Now she began to run towards the stairs, hardly knowing where she was going, except that she was not going to the boats. As she ran out from the castle gates—which were still open, to her astonishment—and crossed the moat, she realized that the raiding party was within one hundred yards of her, hidden only by the buildings of the market square on the far side. If she tried to cross back over the moat and make her way along the curtain wall to the uncertain safety of the loch shore, they would surely see her even before she got around the angle towards the water. Perhaps if she went quickly across the market square she would be able to get through their disorganized advance and lose herself among the buildings. Barely even considering what she did, she began to walk quickly along the side of the square, trying to stay as close to the rough stone warehouse buildings as she could, hoping beyond hope to escape notice. As she did, though, her attention was arrested by what was happening in the middle of the square, for the Highlander was still in the pillory, although another man in an identical plaid was about to put an end to his captivity, wielding a woodsman’s axe that he brought down upon the locked fastening of the pillory.

“Go,” said Angus MacGregor. “I can find my own way.”

“Aye, that you can, I wager,” said his kinsman and sped away down a street that ran north towards the Clan Gregor lands.

Elisabeth pressed her back against the wall of one of the small warehouses that lined the square, trying to remain motionless. Why had she stopped? It was the Highlander, she was sure, who had somehow exerted his strange power over her. Whatever it was, though, there was only one thing to do. She willed her feet to begin moving again, and they did, carrying her further.
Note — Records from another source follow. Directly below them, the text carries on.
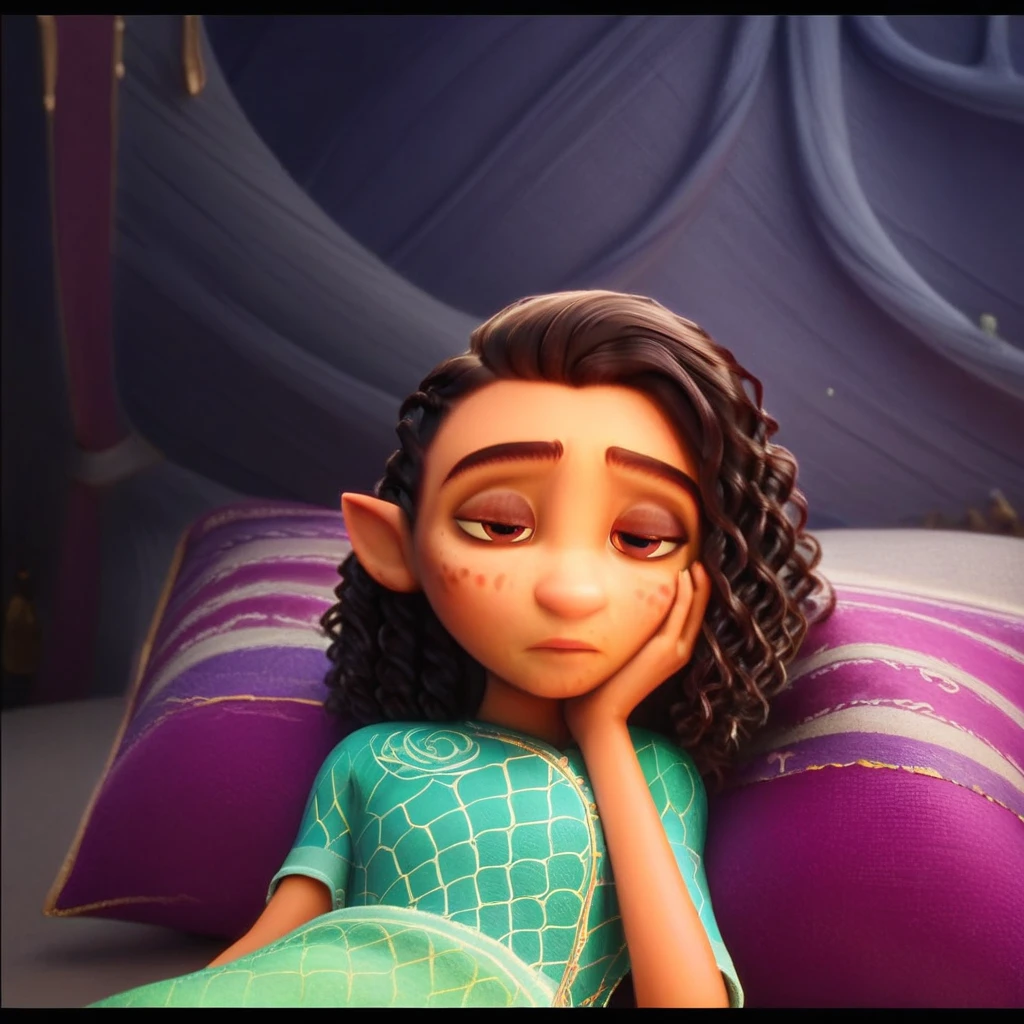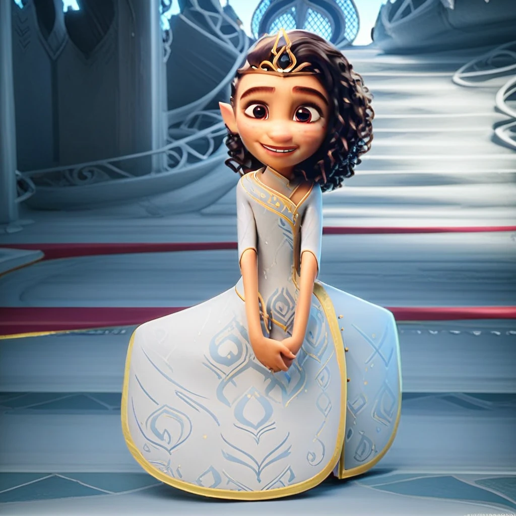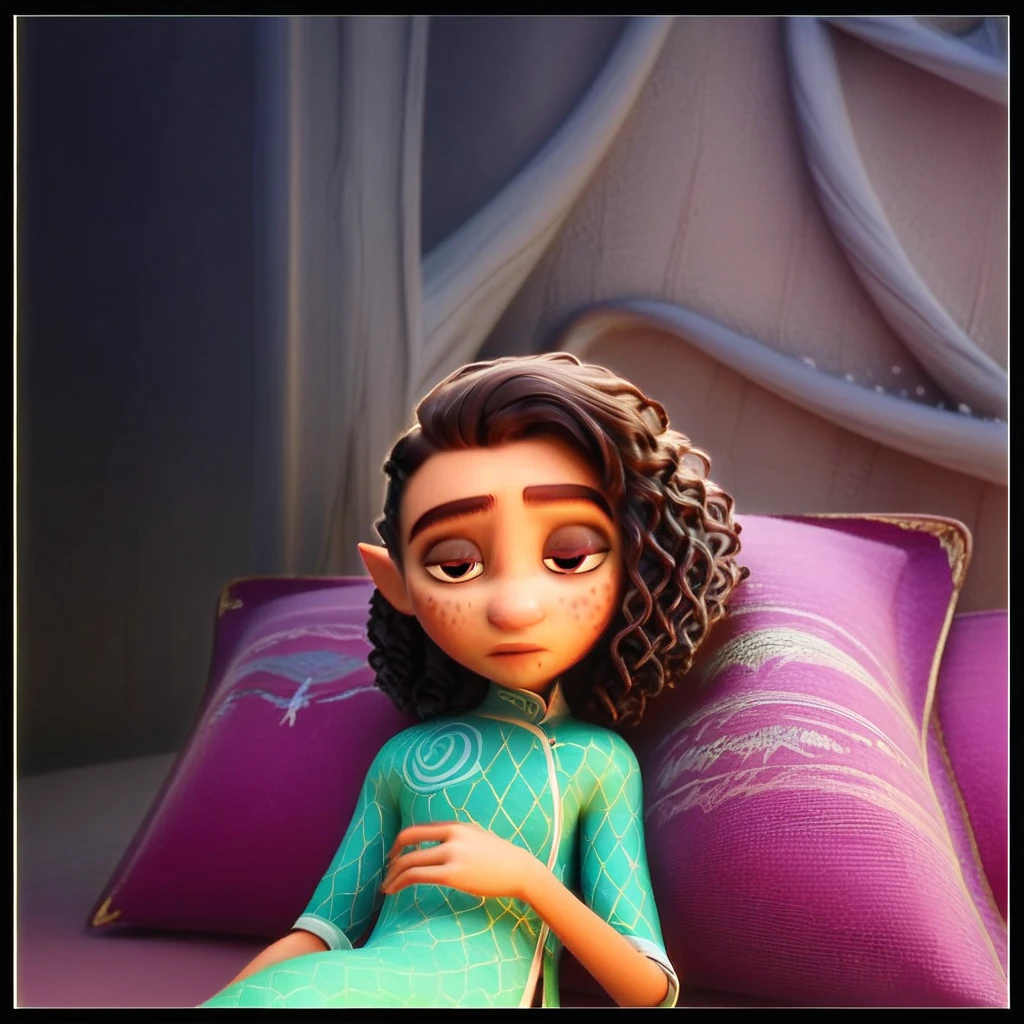 princessellian, dark brown hair, curly hair, brown eyes, face freckles, spellbound
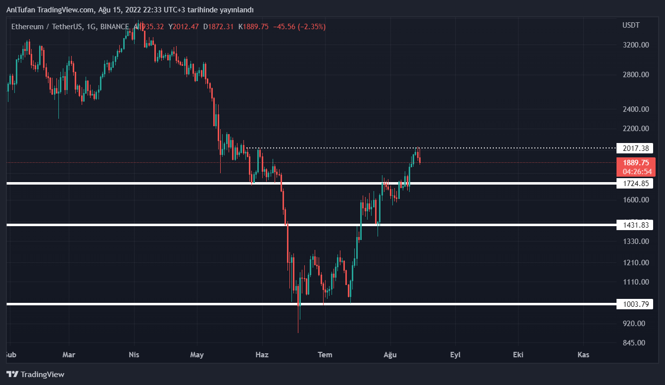 Yayın saati itibariyle 1890 dolar seviyelerinde yer alan lider altcoin Ethereum, 2000 dolar direncinden sert bir şekilde reddedildiği görülüyor.
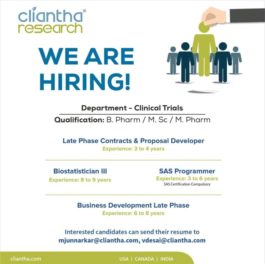 Cliantha Research hiring for multiple position in Clinical Trials – Biostatistician III, SAS Programmer, Business Development Late Phase, Late Phase Contracts & Proposal Developer
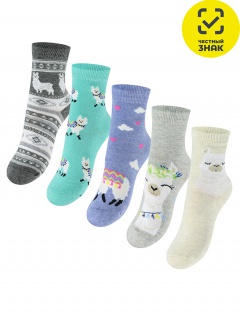 Носки для девочек, рисунок "Ламы", двойной борт, кеттельный шов.

And she would have escaped the notice of Angus MacGregor entirely, so preoccupied was he with the various actions of stretching and rearrangement of a plaid attendant upon being freed from the stocks, if it had not come to pass that at that moment three MacDonald clansmen entered the square at the corner just where Elizabeth had hoped to exit it and be lost in the town. Their claymores were at their backs, and their dirks were in their hands. The one in front was looking straight at her.

“What is this?” said he. “Surely ‘tis the laird’s daughter.”

“Well, that’s a bit of good luck,” said a second.

“Are we going to miss our sheep for her?” asked the third.

“No,” said the first, “not at all.”

“She is a small bit of a thing,” said the second. “I can take her up and bring her with us. We can have our fun with her later.”

“Or along the way,” said the first, with a malicious chuckle.

During this conversation, Elizabeth had been unable to move a muscle, frozen in place with terror. Now that they began to advance on her, she found some will to turn about and to begin what she knew was a doomed attempt at escape.

To her astonishment, and also at first to her even greater fear, Angus MacGregor was standing behind her, holding the woodsman’s axe with which his kinsman had freed him.